[lbo-talk] Stock Markets vs the Real Economy

Doug Henwood dhenwood at panix.com
Tue Aug 9 14:40:52 PDT 2011


On Aug 9, 2011, at 5:30 PM, Carrol Cox wrote:


> A invests in "fiance" -- by buying some kind of aper from somebody (B). Now B has the monmey. She does something with it, which puts it in the hands of C. C (bank, individual, corp, whatever) then does something with it.
>
> Can someone suggest stopping points in the sort of pointless circle? Or make it intelligible to a non-economist?

If the money gets deposited in a bank, it could get lent to any number of real-world entities. Barbara Garson did a book, Money Makes the World Go Round, that "tracks" what happens to her advance. She deposited half in a small bank and half in a mutual fund. Obviously there's no meaningful way she could track her personal dollars, but she did follow where the institutions put their money. She chose a small bank in upstate New York, which lends heavily to the interbank (fed funds) market, which means that some of it found its way to Chase.

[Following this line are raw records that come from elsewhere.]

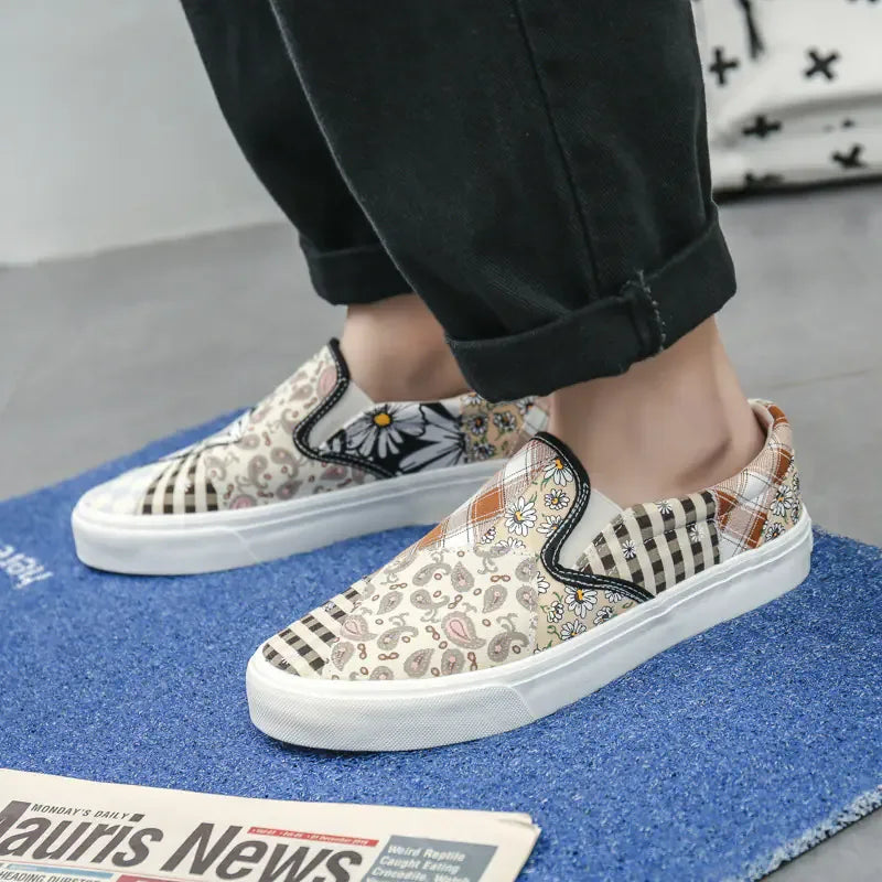 Introducing the Trendy Slip-On Patchwork Cashew Flower Canvas Shoes - your new favorite product from Pantera Stores.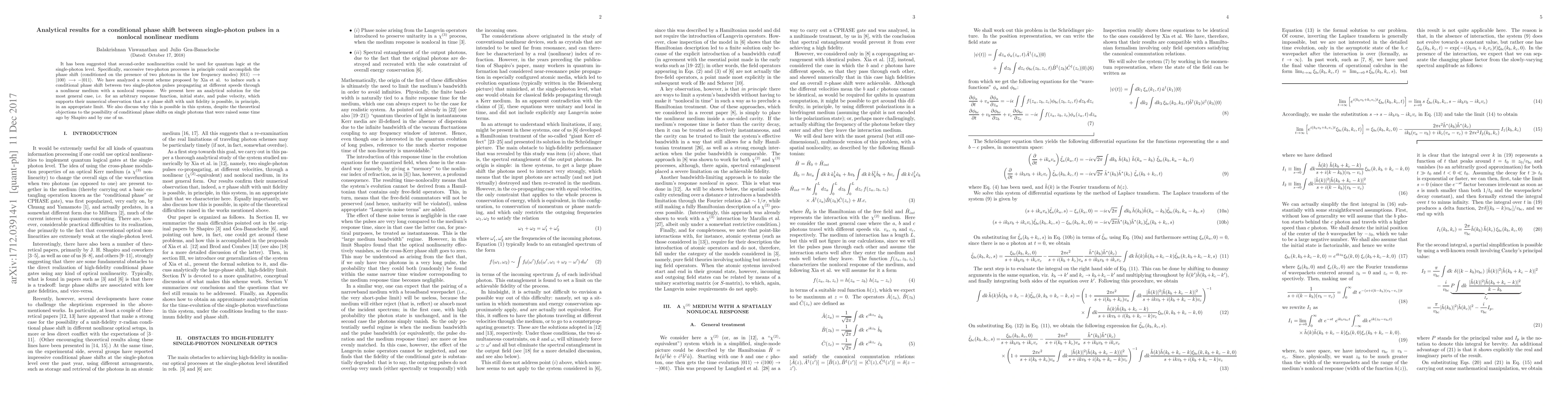 It has been suggested that second-order nonlinearities could be used for quantum logic at the single-photon level. Specifically, successive two-photon processes in principle could accomplish the phase shift (conditioned on the presence of two photons in the low frequency modes) $ |011 \rangle \longrightarrow i|100 \rangle \longrightarrow -|011 \rangle $. We have analyzed a recent scheme proposed by Xia et al. to induce such a conditional phase shift between two single-photon pulses propagating at different speeds through a nonlinear medium with a nonlocal response. We present here an analytical solution for the most general case, i.e. for an arbitrary response function, initial state, and pulse velocity, which supports their numerical observation that a $\pi$ phase shift with unit fidelity is possible, in principle, in an appropriate limit. We also discuss why this is possible in this system, despite the theoretical objections to the possibility of conditional phase shifts on single photons that were raised some time ago by Shapiro and by one of us.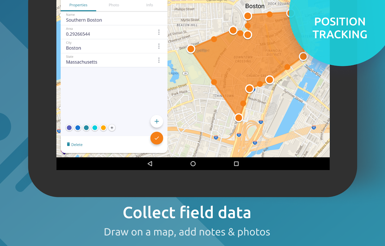 See your GPS position on your own maps. Draw points, polygons and lines on the maps. Collect field data and notes related to a location, attach a photo and fill custom properties.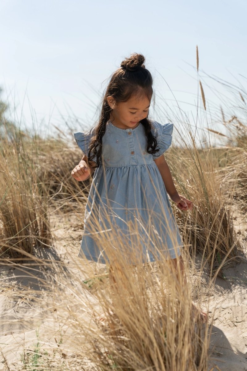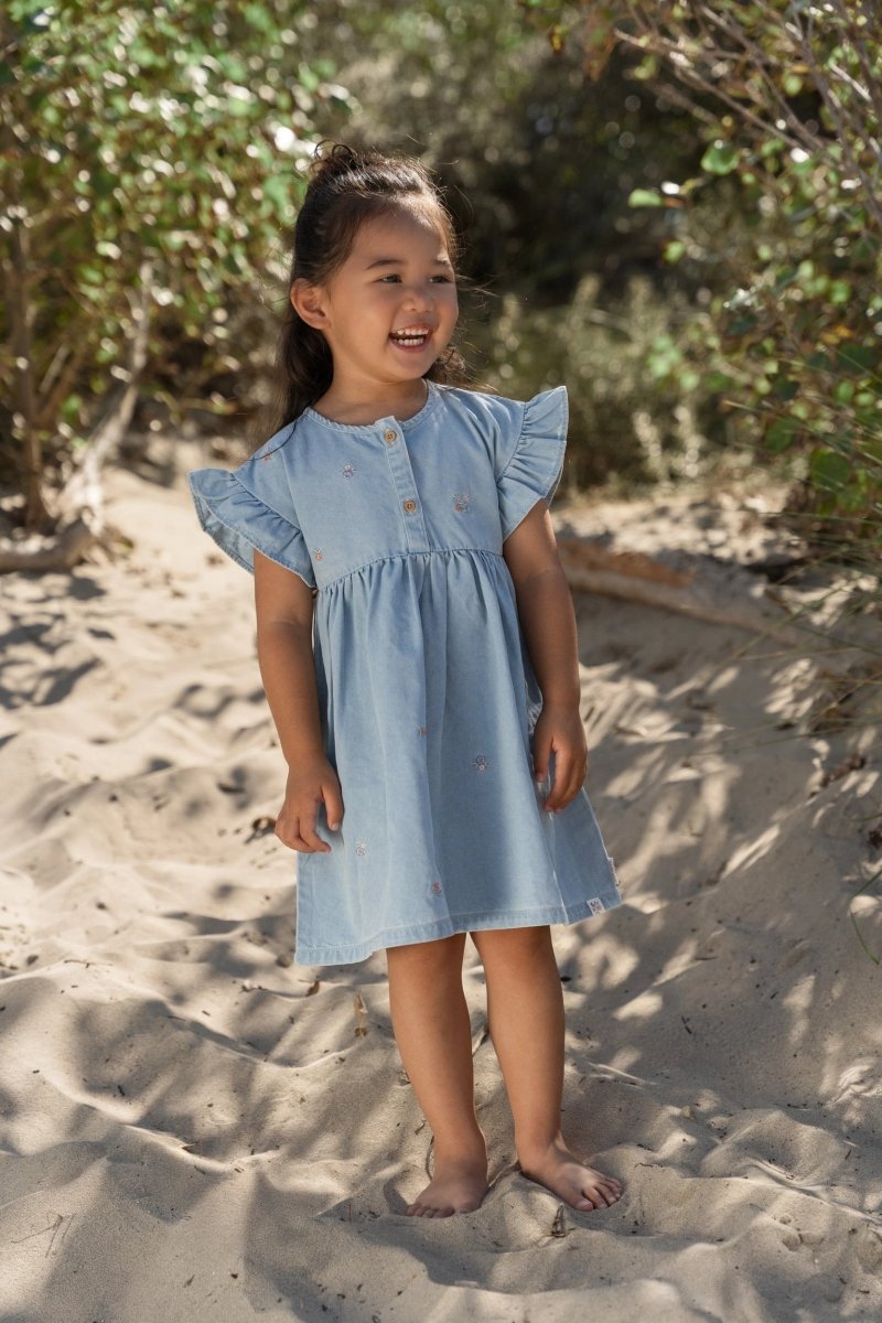 Un vestido vaquero con un toque suave. Este vestido de manga corta está confeccionado en un tejido vaquero ligero y decorado con delicadas flores bordadas, un sutil detalle que lo hace un poco especial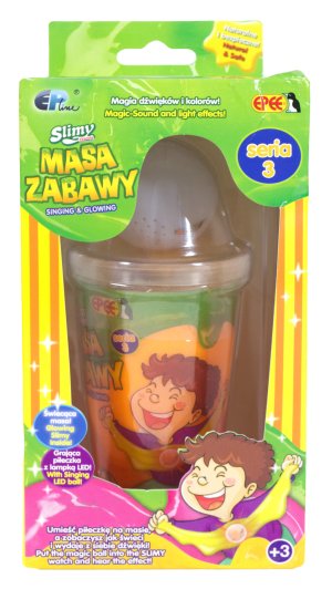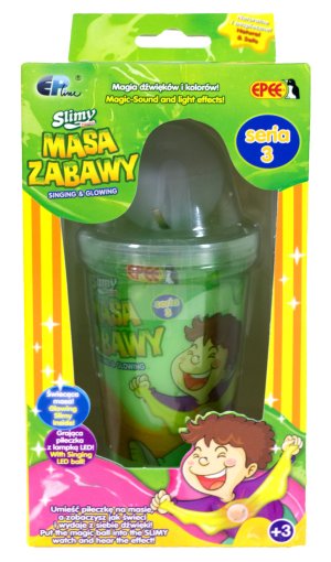 Užite si bezva zábavu s tým slizom. Vďaka originálnej švajčiarskej receptúre je sliz bezpečný a zdravotne nezávadný. Má príjemný zápach a konzistenciu, ktorá vám umožní veľa zábavy. Môžete ho naťahovať, rozťahovať do tenkej blany, stláčať alebo vytvárať smiešne prdivé zvuky. Pokiaľ do neho vložíte guličku, ktorá je súčasťou balenia, začne gulička blikať a vydávať zvuky. Vyžaduje 2 × 1.5V LR41 batérie, sú súčasťou balenia. Vhodné pre deti od troch rokov.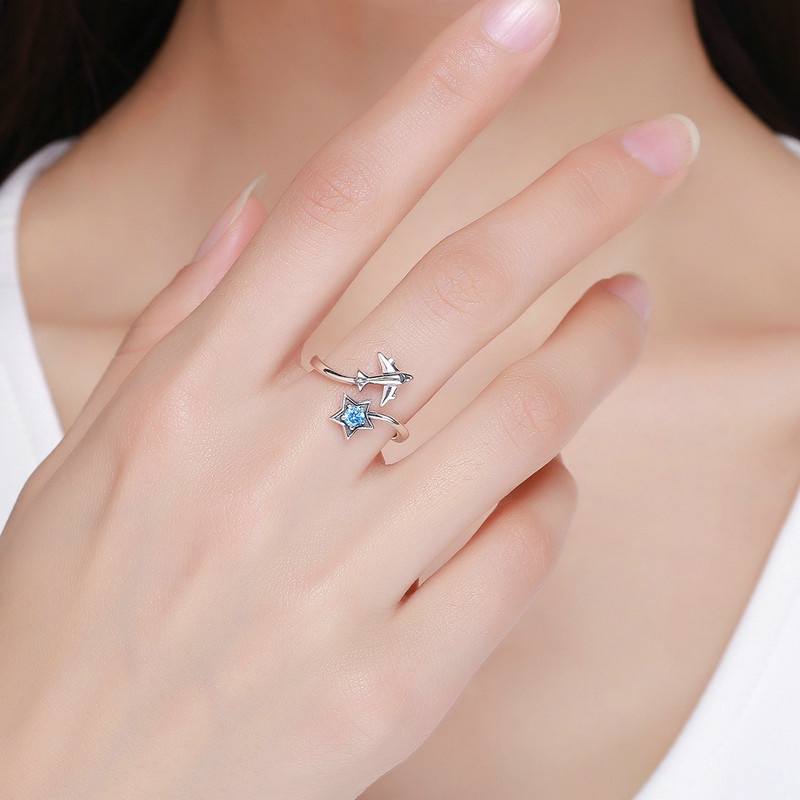 Bamoer Anel Aberto Ajustável 925 Versão Estrela Lua Para Mulheres Jóias Delicadas BSR310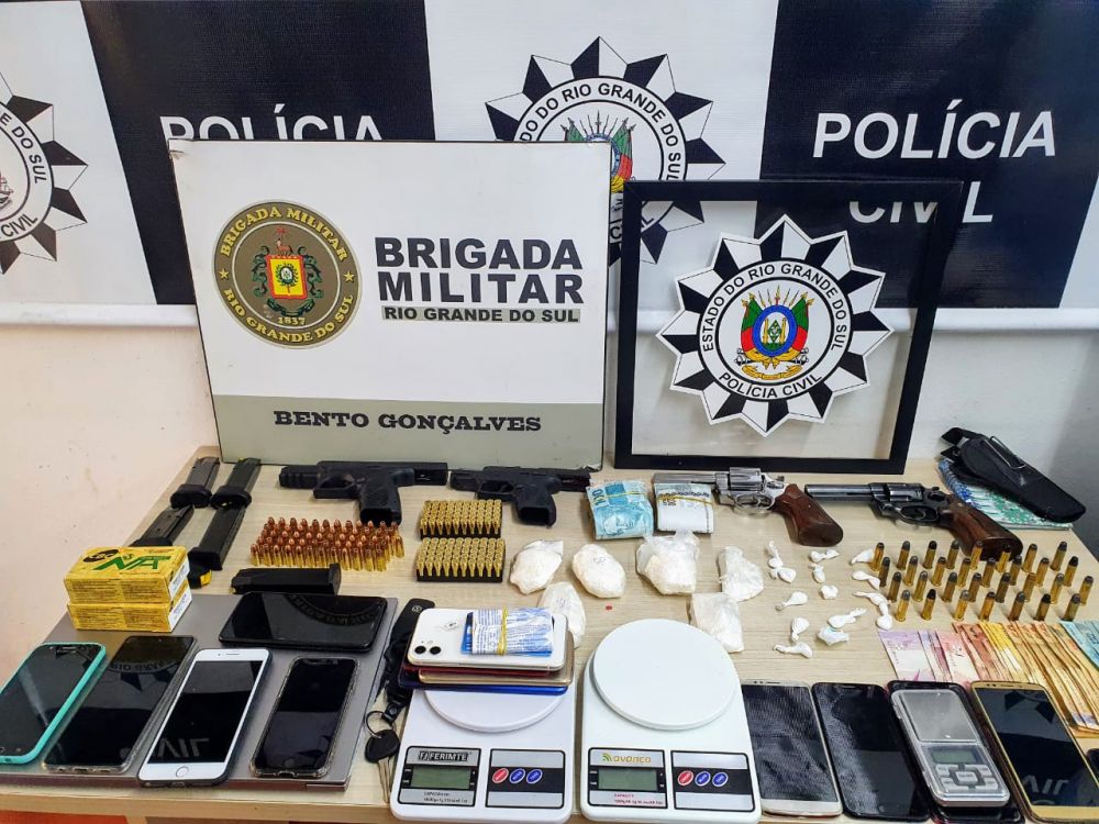 Uma operação conjunta da Polícia Civil e Brigada Militar resultou na prisão de dois homens e uma mulher na manhã desta quinta-feira, 2 de setembro, em Bento Gonçalves. Eles foram flagrados com drogas, dinheiro, armas e celulares em quatro bairros da cidade. Todos foram recolhidos à Penitenciária Estadual de Bento Gonçalves.

Chase was a major lender to an oil refinery in Indonesia, I think, so she traveled to Indonesia to see the thing she "funded."

I don't remember what happened to the mutual fund - I think it got involved in some takeover engineering or something. But some of that money would find its way into the pockets of money managers, who buy Hamptons real estate and Jaguars with the cash, and employ nannies and gardeners. So that's another entry into the circuits of the "real."